Convocation: Baronnelle Stutzman (Part 2)

Dr. Peter Scaer and Barronelle Stutzman

On Friday, October 6, 2017, Concordia Theological Seminary (CTSFW), Fort Wayne, invited Barronelle Stutzman, the Washington florist sued after she refused to design floral arrangements for a same-sex wedding, to hold a talk in one of the classrooms on campus. Though her case is ongoing, Barronelle has chosen to travel the country so she can tell the story of courage, faith in action and God’s grace in all things.

A couple of months after Washington legalized gay marriage in 2012, Stutzman learned that Rob Ingersoll was going to ask her to design the arrangements for his wedding. Ingersoll was a longtime friend and customer, Stutzman said, and they simply clicked on a creative level. For 10 years she’d used her gift to help him celebrate birthdays and anniversaries with his partner, Curt Freed. However, when he came to her to begin discussing flower arrangements for his wedding, she gently declined, citing her relationship with Jesus Christ. At the time he told her that he understood, said that his mom felt the same way, and then asked for a recommendation. Stutzman gave him three.

The Washington Attorney General picked up the story from Facebook, where Ingersoll’s partner had written a post about the incident that had gone viral. In an unprecedented act, the Attorney General took matters into his own hands and sued her, both corporately and personally. The American Civil Liberties Union (ACLU) quickly picked up the case, filing an additional lawsuit against Stutzman and her business on behalf of the couple. As a result of the suits, she stands to lose everything from her business to her home to her savings and retirement.

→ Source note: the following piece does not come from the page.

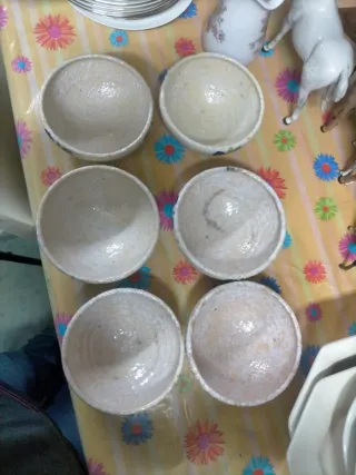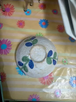 Conjunto de cuencos con un diseño floral característico de los años 70. - Estilo vintage. - Decoración con motivos florales. - Ideal para coleccionistas o para añadir un toque retro a la decoración. Pintados a mano testura rugosa pero suave al tacto acabado artesanal lo que le hace especial . Tiene pequeños defectos debido a la antigüedad.

In February 2015 Stutzman lost in the lower courts, followed by a second defeat in November 2016 at the Washington Supreme Court. Alliance for Defending Freedom (ADF) continues to appeal on her behalf. An attorney with ADF, Matt Sharp, explained that the ruling in the courts is based on laws created during the civil rights era to make sure all people have access to essential goods and services. However, in 2006 Washington added sexual orientation to the list (alongside such classes as gender and race) and currently takes a very broad definition of essential goods.

Unlike a grocery store bouquet, explained Sharp, people like Stutzman and Jack Phillips (the baker whom they are also defending in the Supreme Court for similar reasons) are artists whose creations are a form of expression. As such they deserve protection under the First Amendment. Though Stutzman has both served and employed those in the LGBTQ community, she cannot be a participant in an event that is contrary to her beliefs. The union between one man and one woman was established by God and echoes Christ’s relationship with His bride, the Church.

Stutzman summarized the judge’s decision even more succinctly: “You can have your faith, but you cannot practice it outside the four walls of your church.”

As the case unfolded, the Attorney General wrote her a letter, offering to drop the lawsuits if she’d pay a $2,000 fine and would no longer refuse to participate in same-sex weddings. Again, Stutzman refused. As she explained in her response letter to the Attorney General: “I cannot sell that precious freedom. You are asking me to walk in the way of a well-known betrayer, one who sold something of infinite worth for 30 pieces of silver. That is something I will not do.” And while she’s had to change the way she goes to work in response to the threats against her, she’s also received encouragement from people across the globe, 68 countries in all.

At the end of the talk, the students, faculty and staff stood to applaud her and, as she was wiping the tears from her eyes, sang “A Mighty Fortress Is Our God.” Dr. Peter J. Scaer, associate professor of Exegetical Theology at CTSFW, gave her a replica of the statue of Martin Luther holding God’s Word, and explained: “You’re living out the story of Luther among us.”